Full-text indexes contain the information used to find objects by searching for embedded words or phrases. Full-text indexes are also referred to as Autonomy (also called Verity) collections. Lists of Autonomy collections are maintained in index areas.

Autonomy collection
An Autonomy collection contains full-text indexing information and is represented by a VerityCollection object in the object store database and a set of files in a file system. These files are maintained by the Autonomy software and contain the actual full-text information. Each Autonomy collection is a member of only one index area. The VerityCollection database object also associates this collection with the IndexArea object and identifies the type of object being indexed (folder, annotation, and so on).
Index area
An index area is associated with a particular object store and is represented by an IndexArea object in the object store database. The IndexArea object contains the path name of a file system directory that is used to store the files for the collection. IBM® Legacy Content Search Engine queries and updates this directory as new indexable content is added to or removed from an object store.

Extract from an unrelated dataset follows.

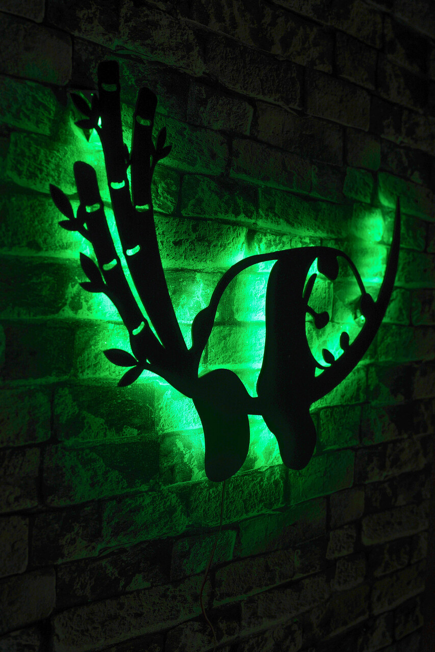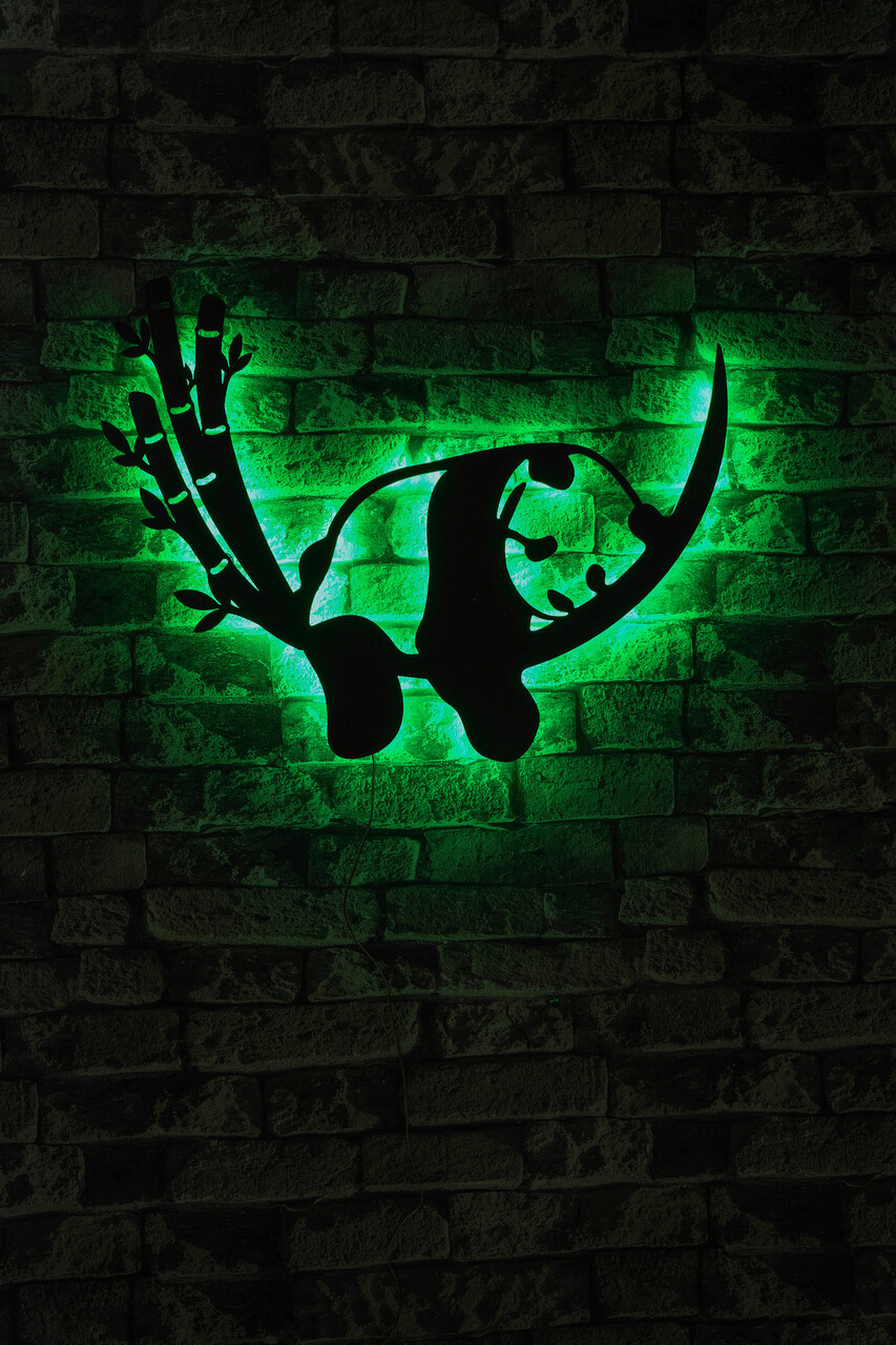 Decoratiune luminoasa LED, Baby Panda, MDF, 60 LED-uri, Verde

Multiple index areas can be used to hold data for a single object store, but each index area can only hold data for one object store. Since an index area can have only one file system directory, multiple index areas are used for a single object store to spread the full-text indexing information across multiple file systems, either for geographic location or scalability purposes.

NOTE   If you have multiple index areas configured in an object store, Content Engine determines which index area to write the full-text indexing information to, based on the following order to optimize performance.

1. The index area on the same site as the virtual server.
2. The index area on the same site as the object store.
3. The index area on the same site as the storage area.

The status of an index area is either open (accepting new indexing information), or closed, on standby, or full (not accepting new indexing information). An index area can be created in standby mode; the index area is then automatically opened when a new index area is needed, and none are currently open. Autonomy-specific parameters that describe properties of the index area are also stored in the index area, such as Autonomy collections, Autonomy search servers, and the maximum number of collections.
Autonomy collection size
A single Autonomy collection can store up to 8 million entries. An entry is put into an Autonomy collection for each content element, plus an additional entry is put into the Autonomy collection for all the CBR-enabled string properties of an object (document, custom object, and so on). Each object store can have an unlimited number of Autonomy collections, associated with an unlimited number of index areas. The Autonomy collections are created automatically as needed when new data is full-text indexed.

You can affect the size and performance characteristics of an Autonomy collection by configuring features in the style set for the collection. For more information, see the P8CSE50 style set reference.